# This PSU fit this case?



## xdandamann (Jun 9, 2011)

Current case being used is: Newegg.com - LOGISYS Computer Area 51 CS51WBK Black Steel ATX Mid Tower Computer Case 480W Power Supply

My stock PSU is 3.25 x 6 x 5.5 (H x W x D), which is the same one in the case picture.

This is the PSU I want to buy: Cool Power Gamer Series CP-G880 880W 20+4-pin Blue LED Fan ATX Power Supply w/SATA, PCIe & Dual 12V Rails (Black) Cool Power CP-G880

Which that PSU is 3.4 x 5.9 x 5.5-inches (H x W x D)


Thanks in advance ray:


----------



## makinu1der2 (Jan 1, 2008)

The PSU will fit however I would seriously suggest not using that PSU.
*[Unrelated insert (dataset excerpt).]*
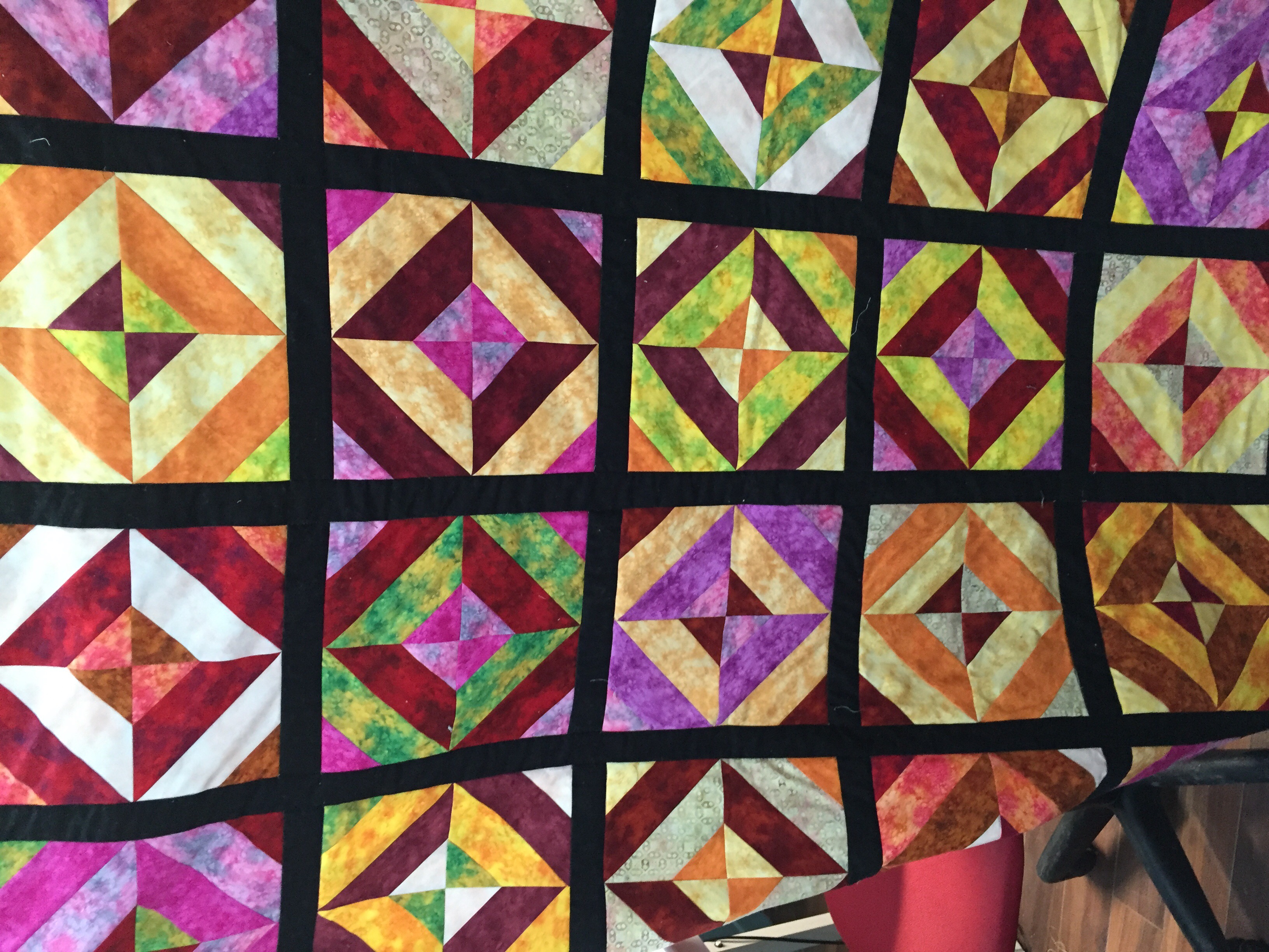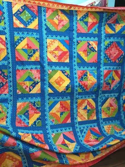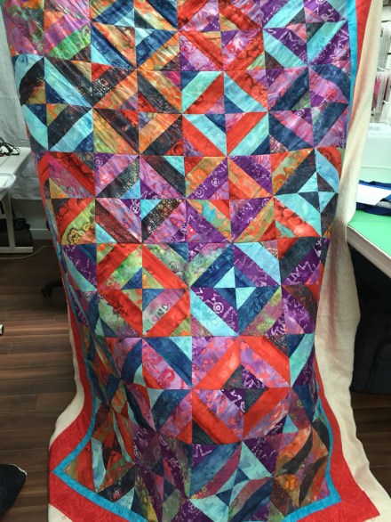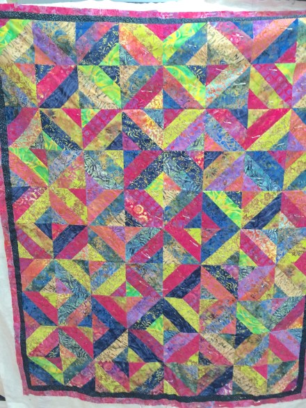 I wasn’t sure about the bold batik I used for the back – whether it complemented the insertion or not, but now that the quilt is completed I’m happy with the result.

I would suggest using a quality PSU.

http://www.techsupportforum.com/forums/f210/power-supply-information-and-selection-192217.html


----------



## gcavan (Aug 13, 2009)

Yes it will fit, though it is barely a step up from a door stop. You risk turning your computer into one by using it.


----------



## Rich-M (May 2, 2007)

The Psu in the case you are buying is better quality than the one you want to add, but most likely insufficient for your needs.
Tell us your system hardware.


----------



## xdandamann (Jun 9, 2011)

my computer specs:

Motherboard: ASRock K10N78

Processor: AMD Athlon X2 250 3.0ghz

RAM: 8gb

Video card: NVIDIA GeForce 9500 GT

O/S: windows 7 ultimate 64bit

I have already been told my psu is under powered so I'm looking to upgrade.


----------



## xdandamann (Jun 9, 2011)

I should also mention I am looking to upgrade my video card as well... and my price range for both the PSU and new card is $200 min to $250 max. I know there is another section of the forums for video card but any info on both hardware I need would be appreciated.


----------



## gcavan (Aug 13, 2009)

CORSAIR Enthusiast Series CMPSU-650TX  $90

HIS H685F1GD Radeon HD 6850 1GB  $160


----------



## xdandamann (Jun 9, 2011)

I ordered both parts from new egg for $242 and they included two games. Thanks for all your help, with out it i wouldn't have known which parts to buy on my budget. ray:


----------